Elif could always tell when report cards were due, because that was when the bowl reappeared next to her laptop. A stack of eighty essays to mark, a red pen, a mug of tea, and — without her ever deciding to put it there — something to nibble. Pretzels one night, a bag of dried mango the next, a sleeve of biscuits the night after that. She marked, she chewed, and by the time the last essay was graded the bowl was empty and she had no memory of finishing it.

The season, not the day

For most of the year Elif ate pretty sensibly. That was the confusing part. She wasn't someone who snacked all evening out of boredom. But three or four times a term — exam weeks, report-card deadlines, the run-up to parent conferences — her eating changed completely, and she never connected the two until she saw them side by side.

The trigger wasn't hunger. It was the marking itself: a long, low-grade stress that never quite resolved, essay after essay, each one asking for a decision. Chewing gave her hands something to do while her brain did the hard part. The food was a metronome for concentration.

Why it stayed invisible

Elif never counted the grading snacks because they didn't feel like eating. They had no plate, no mealtime, no beginning or end. She'd have had dinner at six like a normal person, logged nothing unusual, and then quietly eaten six hundred calories of pretzels between eight and midnight while telling herself she was "just working."

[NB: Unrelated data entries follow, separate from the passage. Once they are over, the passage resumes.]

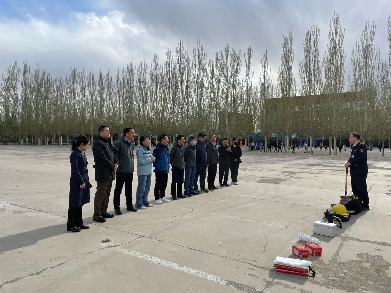 讲座结束后,为使师生能在火灾来临时冷静应对,以防万一,正确使用灭火器等消防器材,在盛乐校区西篮球场进行现场消防演练。主讲老师现场演示了灭火器的使用方法,着重强调了其使用注意事项。随后,学院老师们分组有序地对模拟火灾消防灭火进行了实际演练,确保当面临火灾时能有序应对、紧密配合,争取将生命财产等各类损失损失降到最低。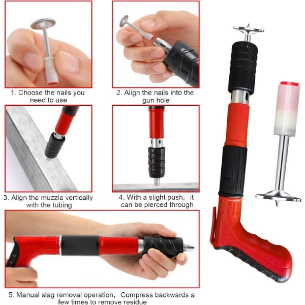 MANUEL ÇİVİ TABANCASIÜrün Özellikleri Manuel Çivi Tabancası, genellikle ahşap, çelik veya beton yüzeylere çivi, dübel veya perçin yerleştirmek için kullanılan pratik bir el aletidir. Ürünün üst kısmında yer alan siyah ayar halkası sayesinde 3 farklı kuvvet seviyesi (vites) seçilebilir. Bu, yüzeyin sertliğine göre sabitleme işlemini optimize eder:1. Vites: Daha yumuşak yüzeyler ve küçük çiviler için uygundur.2. Vites: Orta sertlikte yüzeylerde kullanılabilir.3. Vites: Sert yüzeyler (beton/metal) için yüksek darbe kuvveti sağlar. Kavrama alanı kaymaz ve ele tam oturur, uzun süreli kullanımda bile rahatlık sunar. Ürün, yaylı sistemle çalışır ve perçinleme esnasında yüksek ses çıkarmadan işlem yapılmasına imkân tanır. Aletin ucu, tam isabetli çalışmak üzere tasarlanmıştır, bu sayede çiviler düzgün şekilde yüzeye yerleştirilir. Paket İçeriği 1 Adet Manuel Çivi Tabancası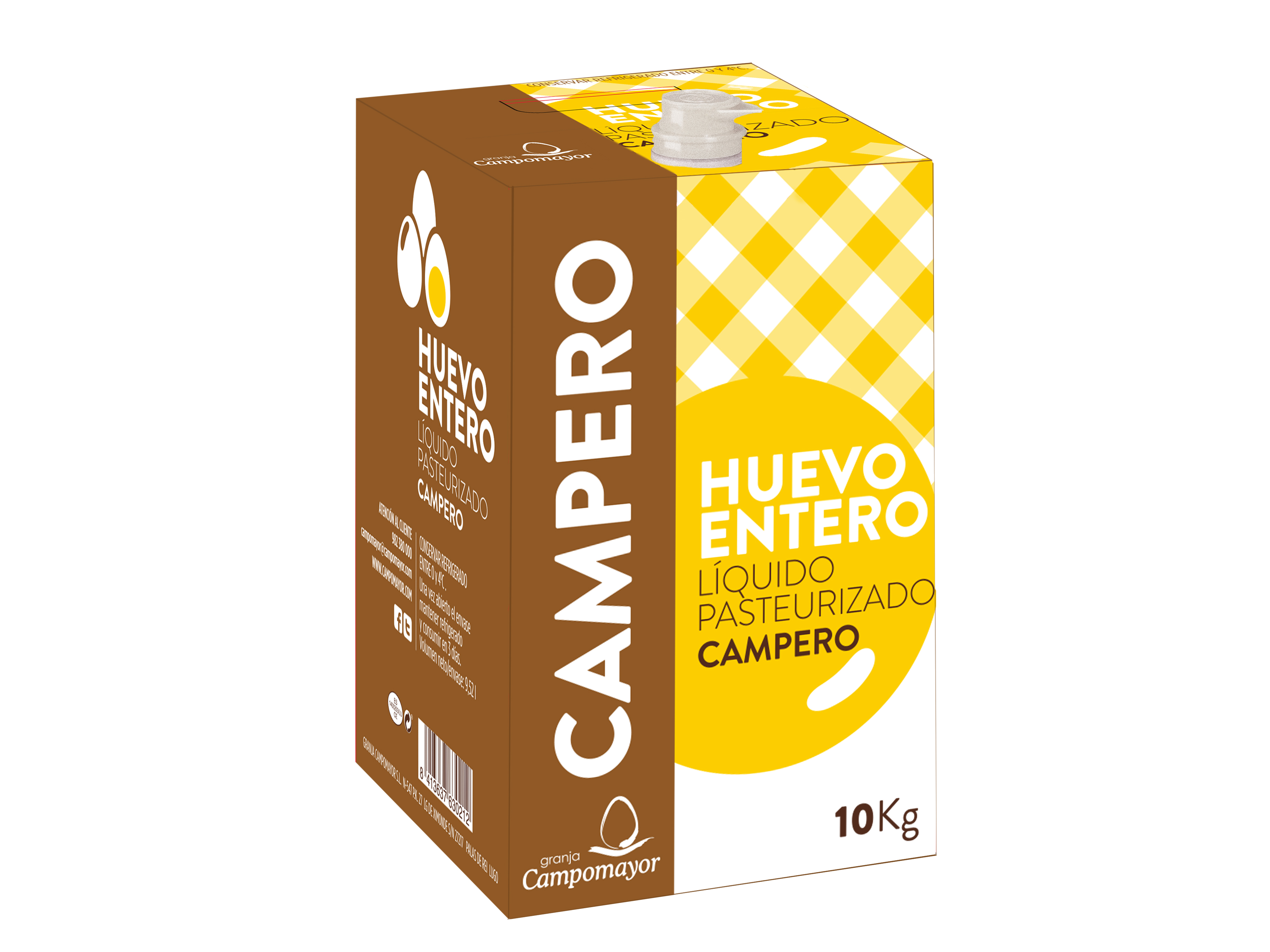 - 10kg: en Bag in Box. Equivale a +- 200 huevos. Es ideal para hostelería y restauración

It wasn't a meal and it wasn't a treat. It was scenery. It happened behind the real story of the evening, which was the marking.

That's what made it so durable. You can't change a habit you've filed under "not really happening."

Writing it down mid-marking

She started using Excaloricate almost as an experiment, to see whether the grading snacks were as big as she suspected or whether she was catching herself being dramatic. So she logged them in the moment — "handful of pretzels," "half a bag of dried mango," "four digestive biscuits" — typed one-handed between essays, ten seconds each.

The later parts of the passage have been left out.